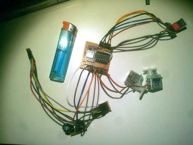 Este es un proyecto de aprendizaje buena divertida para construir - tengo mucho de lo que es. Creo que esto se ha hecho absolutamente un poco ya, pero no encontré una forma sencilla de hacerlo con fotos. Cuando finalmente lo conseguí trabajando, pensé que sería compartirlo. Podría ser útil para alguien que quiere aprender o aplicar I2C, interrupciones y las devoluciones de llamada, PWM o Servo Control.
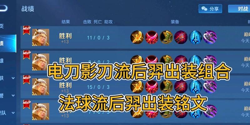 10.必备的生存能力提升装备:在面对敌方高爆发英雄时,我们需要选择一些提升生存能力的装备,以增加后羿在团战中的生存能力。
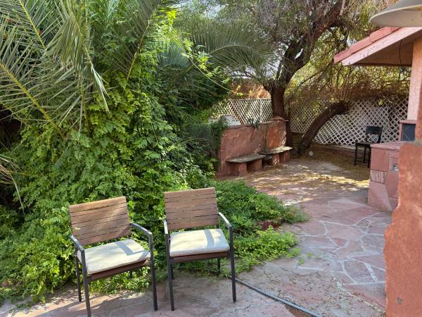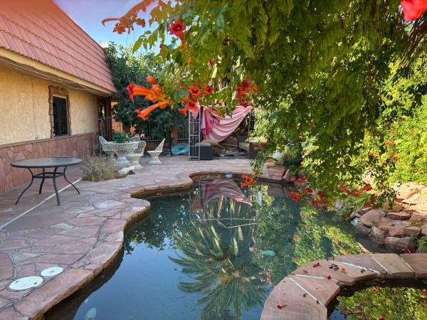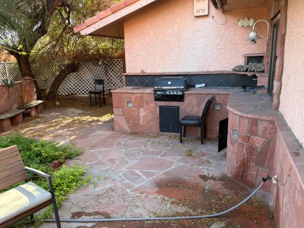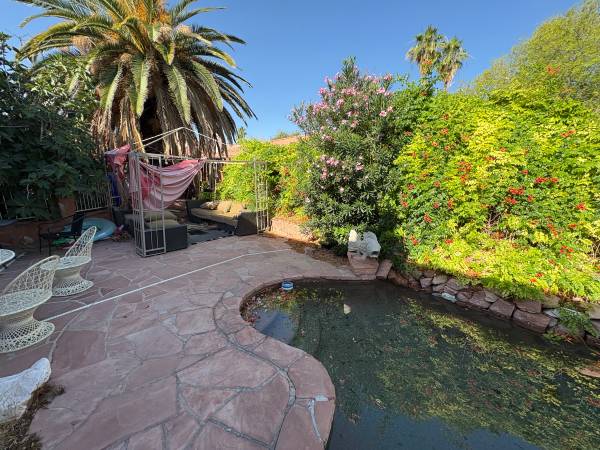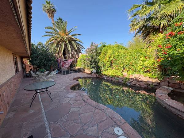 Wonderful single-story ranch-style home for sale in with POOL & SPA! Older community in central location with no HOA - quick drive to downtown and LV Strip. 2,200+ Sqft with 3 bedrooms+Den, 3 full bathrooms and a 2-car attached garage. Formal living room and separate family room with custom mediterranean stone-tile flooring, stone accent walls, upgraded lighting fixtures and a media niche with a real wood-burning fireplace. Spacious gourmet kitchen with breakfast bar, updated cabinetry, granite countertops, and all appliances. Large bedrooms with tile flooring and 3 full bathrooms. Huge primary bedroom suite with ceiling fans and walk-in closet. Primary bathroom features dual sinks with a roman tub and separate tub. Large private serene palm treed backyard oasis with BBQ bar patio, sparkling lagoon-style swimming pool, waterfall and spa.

- - - - -

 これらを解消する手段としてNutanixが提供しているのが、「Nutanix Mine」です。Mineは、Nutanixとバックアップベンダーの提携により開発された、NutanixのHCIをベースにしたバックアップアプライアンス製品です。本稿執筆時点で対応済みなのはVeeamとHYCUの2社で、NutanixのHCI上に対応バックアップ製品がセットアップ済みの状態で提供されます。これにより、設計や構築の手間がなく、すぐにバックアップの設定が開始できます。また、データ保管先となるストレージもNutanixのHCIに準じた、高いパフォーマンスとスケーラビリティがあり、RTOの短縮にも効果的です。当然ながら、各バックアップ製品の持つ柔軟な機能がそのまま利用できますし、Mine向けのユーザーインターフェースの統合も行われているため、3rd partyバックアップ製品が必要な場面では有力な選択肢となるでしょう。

- - - - -

WHAT IS BEING ASKED:
Copy word for word the lines above, starting at the line containing "Este es un proyecto" and ending at the line containing "10.必备的生存能力提升装备", inclusive, with no pictures.

OUTPUT FOR THIS TASK:
 Este es un proyecto de aprendizaje buena divertida para construir - tengo mucho de lo que es. Creo que esto se ha hecho absolutamente un poco ya, pero no encontré una forma sencilla de hacerlo con fotos. Cuando finalmente lo conseguí trabajando, pensé que sería compartirlo. Podría ser útil para alguien que quiere aprender o aplicar I2C, interrupciones y las devoluciones de llamada, PWM o Servo Control.
 10.必备的生存能力提升装备:在面对敌方高爆发英雄时,我们需要选择一些提升生存能力的装备,以增加后羿在团战中的生存能力。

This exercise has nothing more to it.